Ovid's First Law of Software Technology

Ovid on 2009-10-02T09:59:13

Technologies which aim to "improve" software but cannot be easily explained should be ignored.


So...

Adrian on 2009-10-02T10:15:48

... I'm still not totall clear about this roles nonsense :-) :-)

Re:So...

Ovid on 2009-10-02T10:27:18

I knew someone would bring that up :)

Roles are shared behavior with methods which can't conflict. It's tough to get any simpler than that.

Re:So...

Adrian on 2009-10-02T10:40:57

I'm partially kidding :-)

I don't really buy your law though. It was tough for me to "get" roles for various reasons. It was tough for me to get declarative Prolog-ish languages when I first encountered them. I know a bunch of people who took a hell of a time to understand OO. I know a bunch of folk who don't really "get" TDD, XP or Scrum.

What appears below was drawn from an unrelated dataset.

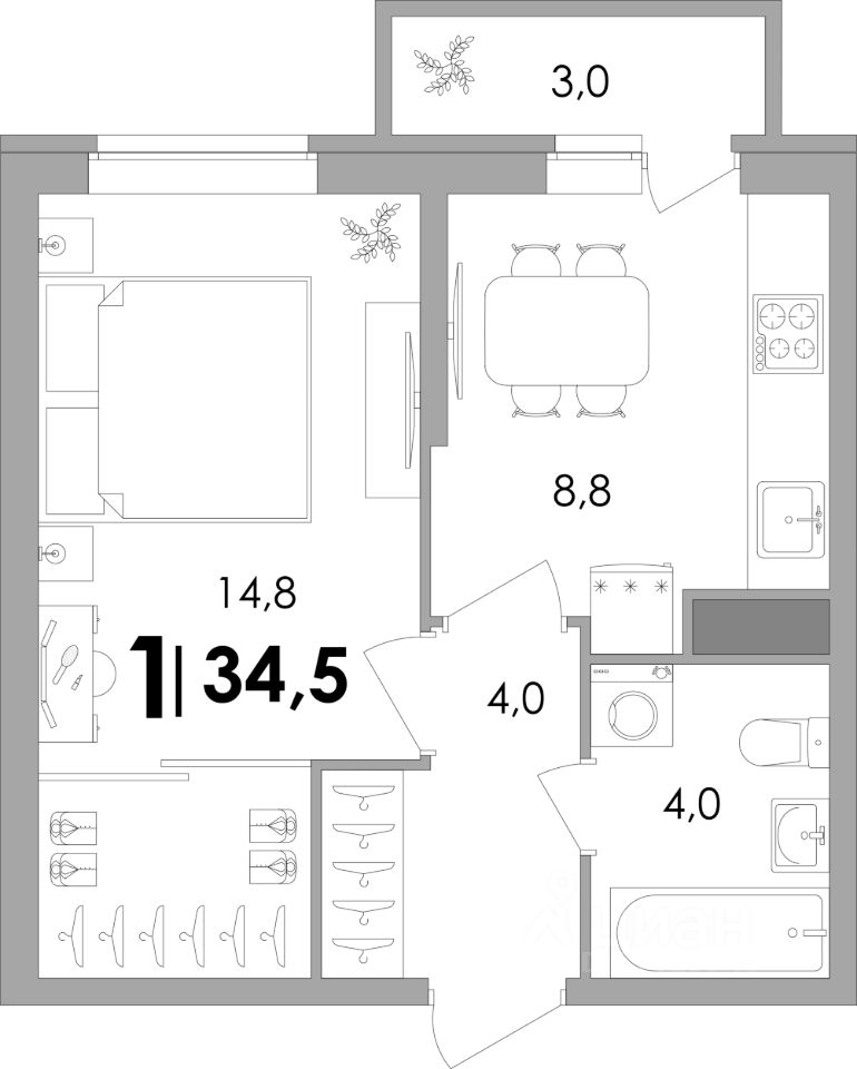 Квартира в эко-квартале комфорт-класса плюс ''Есенинские поля'': • Кирпичный дом с панорамным остеклением с 5 этажа. • Закрытая территория с круглосуточной системой видеонаблюдения. • Рядом ТЦ ''Есенин'' и термальный комплекс ''Новые Термы'' с бассейнами. • Порядок на территории поддерживает собственная управляющая компания. • Умные, развивающие детские площадки и спортзал под открытым небом. • Зелёный двор-парк и лаундж-зоны для отдыха на природе. • Филиал городской поликлиники. • Безбарьерная среда для мам с колясками, пожилых и маломобильных людей: вход с уровня земли, просторный проходной лифт. • Скейт площадка. • Детский сад ''Новые дети''.

Yes - there are nice sound bites for all of them. But they don't really "explain". The concepts are often deep - even if they have a simple container.

Re:So...

Ovid on 2009-10-02T11:08:57

The actual law should read (and I knew this when I posted my rather hyperbolic comment): "the more difficult it is to explain a technology which aims to "improve" software, the more likely it is that that this technology fails in its goals. Not quite as catchy, though :)

See Aspect-oriented programming for a great example. What's a "pointcut"? What's a "join point"? What's "advice"? Why is "advice" described as "additional behavior"? "Advice", to me, reads "optional behavior". And does AOP require special IDEs to properly handle it or not? It's issues like this which make it hard to grok and limits its adoption.

Roles appear to solve the problems which AOP attempts to solve by separating responsibility from behavior. Yes, they are hard to explain to people who have been trained in traditional OOP, but they are very, very easy to use.

Re:So...

Alias on 2009-10-02T13:39:09

Aspect-oriented programming is used to concisely implement cross-cutting concerns across a high number of classes and methods that would otherwise require immense quantities of hard-to-maintain code spread out over your whole application.

Examples of cross-cutting concerns which are very amenable to Aspect techniques include logging, debugging and performance monitoring.

Re:So...

Ovid on 2009-10-02T14:00:42

So what's a "pointcut"? What's a "join point"? Do you really need a custom IDE to use AOP or not? (I've heard both ways)

Re:So...

Ovid on 2009-10-02T11:11:35

I should add that posting known hyperbolic comments can often make for great discussions. I see you're getting a few retweets for disagreeing with me :)

Re:So...

dmaestro on 2009-10-02T15:02:31

Ovid's "Inheritance versus Roles" paper first gave me the confirmation that roles is the way to go, in Perl at least.

I like the simple description above, too.

For me, who learned from the OO gurus and now practice accordingly, I had to see roles as a safe form of (hush!) Multiple Inheritance (hush!) which solves the crippling problem of method name conflicts.